Mcinnes set to become Bangladesh cricket coach
May 18, 2007 - 12:59:10 PM

Chittagong, May 18 - Richard Mcinnes, the Australian who guided Bangladesh to the under-19 World Cup plate title in 2004, is all set to replace Dave Whatmore as Bangladesh's national cricket coach.

'His name would be announced by June 2,' a top Bangladesh Cricket Board - official said Friday.

'A final decision on the coach is just days away, but we have zeroed in on Richard Mcinnes. The talks with him are in a very advanced stage. Only an official announcement is to be made,' a senior BCB executive committee member told IANS on condition of anonymity.

Mcinnes, also a former senior coach at Australia's Centre of Excellence in Brisbane, was the junior Bangladesh coach when the team defeated Australia to win the Plate title at the World Cup held in Bangladesh.

Whatmore is to leave Bangladesh after his four-year tenure that ends May 29 with the ongoing two-match Test series against India.

'We talked to 10 coaches from different countries, except England, but we have decided that Mcinnes would be best suited to our requirements. The BCB appointments committee, formed recently, will make an announcement by June 2,' the BCB official said.

He added that senior players of the Bangladesh team were consulted and they were happy that Mcinnes would be returning to the country.

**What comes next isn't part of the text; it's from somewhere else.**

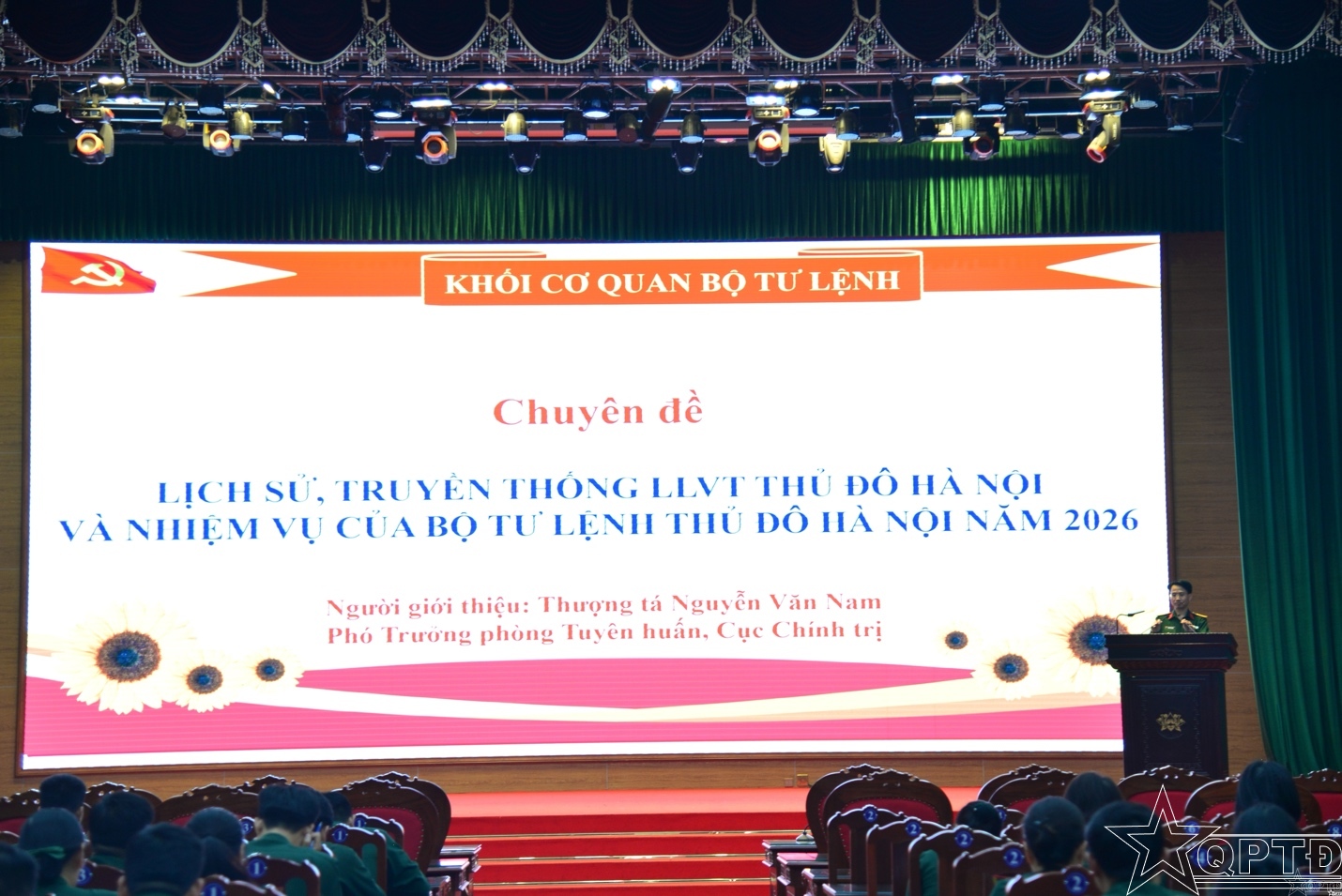 QPTĐ-Chiều 18-3, Bộ Tư lệnh Thủ đô Hà Nội đã tổ chức Hội nghị học tập chính trị, phổ biến giáo dục pháp luật tháng 3 năm 2026 cho sĩ quan, QNCN đến cấp bậc Trung tá, công nhân và viên chức quốc phòng khối cơ quan Bộ Tư lệnh Thủ đô Hà Nội.

'We have consulted the players and they have given their consent on Mcinnes. In fact, most of the senior players are his products as they were in the junior national team when he was junior coach here in 2003 and 2004,' he said.

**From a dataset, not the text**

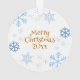 Cute little squirrel in winter hat dancing in the snow on a snowy winter day personalised Christmas ornaments.
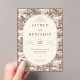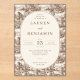 This elegant wedding invitation features a vintage-inspired design with an oval central panel set against a detailed background of repeating illustrations, including houses and trees. The sepia color palette enhances its classic and timeless feel, while the serif typography adds sophistication. Customizable text fields allow for personalization, making it perfect for formal celebrations. The layout is balanced and harmonious, ensuring both visual appeal and readability, ideal for conveying the joy and tradition of a wedding event.

'Sakibul Hasan, who made his Test debut against India here Friday, Tamim Iqbal, Mushfiqur Rahim, Syed Rasel, Shahadat Hossain and Mashrafe Mortaza have all been groomed by Mcinnes,' he pointed out.

The BCB official said that Mcinnes' salary would be less than that of Whatmore, who was getting between $120,000 and $130,000 per year.

'He would most probably get less than Whatmore, but he would also get accommodation and a car like Whatmore.'

Talking about the plus points of Mcinnes as coach, the BCB official said that he is essentially a hard working coach.

'We don't want a lap-top coach in Bangladesh. We need a hard working coach who can make the players work hard. And Mcinnes is an extremely hard working coach,' he said.

'He can communicate well with the boys considering his previous association with the players. That is another plus in his favour.'

Meanwhile, Whatmore has expressed his interest in the Indian job following the departure of national coach Greg Chappell, who left after the completion of his two-year tenure in April after a forgettable World Cup.